The Rhine Ore was part of a class of 8 sisterships (Ems Ore, Rhine Ore, Ruhr Ore, Weser Ore, Clyde Ore, Tees Ore, Thames Ore and Tyne Ore). Three of them were purchased by Hall Corp Ltd. of Toronto and rebuilt as lakers.

After the vessel's conversion to a laker, the gross register tonnage increased to 18,531 tons and the deadweight tonnage to 29,050 tons. The length overall of the ship was increased to 222.5 m and between perpendiculars to 218 m. The beam was also increased to 23.1 m.

==Service history==
Rhine Ore was ordered from the Schlieker shipyard in Hamburg, West Germany by Transatlantic Bulk Carriers Inc. with the yard number 533. The vessel was launched on 11 April 1959 and completed in July. Registered under a flag of convenience in Monrovia upon entering service, Rhine Ore sailed until sold to Hall Corp Ltd.

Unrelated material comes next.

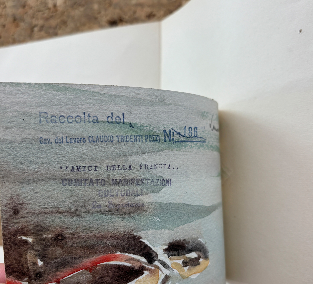Timbro della Raccolta Claudio Tridenti Pozzi con numero di repertorio al retro

The ship was renamed Steelcliffe Hall after the April 1977 sale, it was rebuilt in Canada that year as a laker, with cargo space added forward of the engine room, and the wheelhouse moved aft above the crew accommodation.

After decades of service and changes to the function and structural conversions of the ship, in 1988 Steelcliffe Hall was given the name Windoc (2) after being acquired by N. M. Paterson & Sons Ltd., following the liquidation of the previous owner, Halco.

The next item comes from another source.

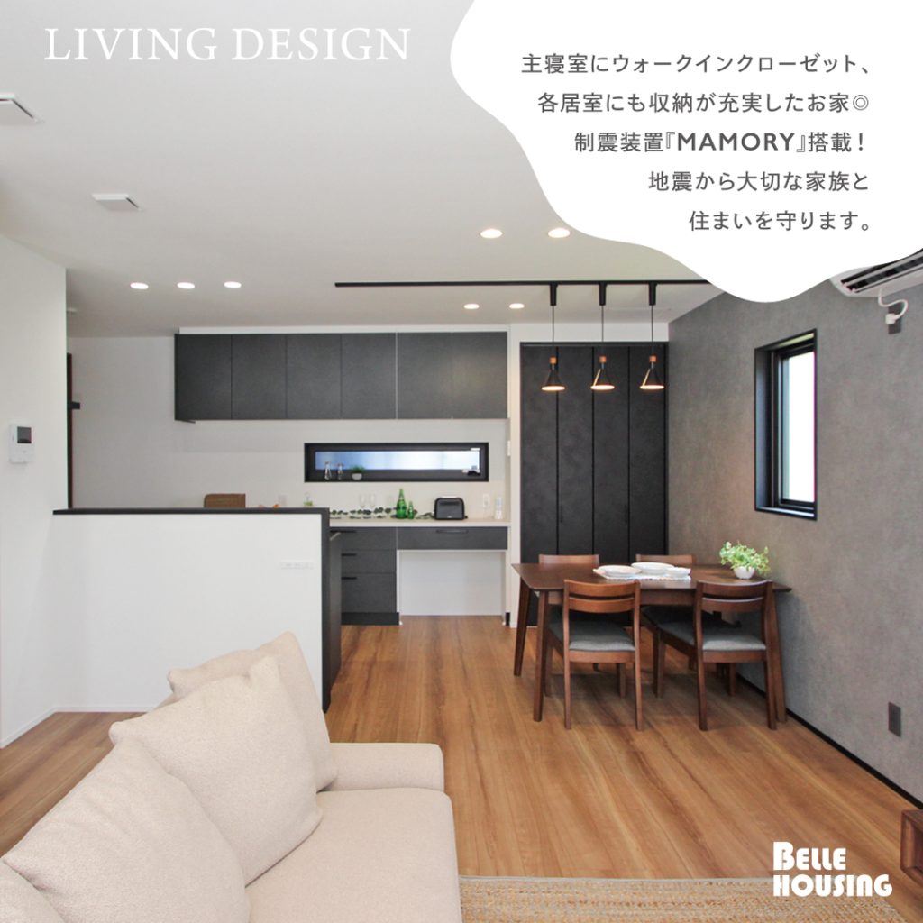 制振ダンパーやランドリールーム、ファミクロなども付いた、これからの時代の住まいです。

On 11 August 2001, while traveling through the Welland Canal, Windoc was hit by Bridge 11 in Allanburg, Ontario. The accident caused minor damage to the vertical lift bridge, and destroyed the ship's wheelhouse and funnel. The vessel caught fire, and was later declared a constructive total loss, but there were no reported injuries, no damage to the $6-$8 million cargo, and no pollution to the waterway. The Marine Investigation Report concluded "it is likely that the [vertical lift bridge] operator's performance was impaired while the bridge span was lowered onto the Windoc."

The vessel was towed to Hamilton Harbour for repairs, and in March, 2002, it broke free of its moorings in an 50 mph winter gale, and ran aground 5 km away in about 6 ft of water, where it was pulled out by four tugboats three days later.

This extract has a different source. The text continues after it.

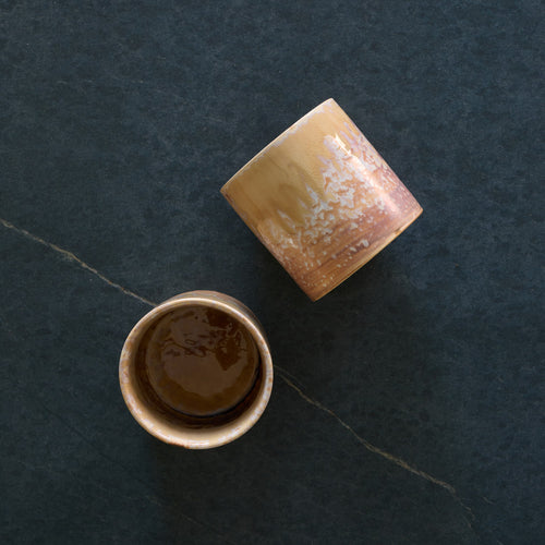 A set of four hand-finished mugs designed for morning rituals. The reactive glaze creates atmospheric gradients as the light shifts, while the stoneware body retains heat beautifully. The Hanami Stoneware Collection uses a reactive glaze, a traditional mineral-rich technique that blooms during firing and creates soft shifts in tone and texture. This process gives each piece its own distinct variation, so no two are exactly alike. Made from durable stoneware and fully dishwasher-safe.

N.M. Paterson & Sons left the shipping business the following year, after 87 years, and sued the canal operator, St. Lawrence Seaway Management Corp., for $16.9 million (C). Their remaining four active and three mothballed ships were sold in 2002. The canal operator denied any negligence, and blamed the shipping company and the ship's crew for the accident.

A Transport Safety Bureau report on the collision points to the bridge operator and bridge operating procedures and policies as major factors. They also concluded that impairment of the bridge operator was the root cause.

The ship was converted into a storage barge. It was scrapped in 2011 at Port Colborne.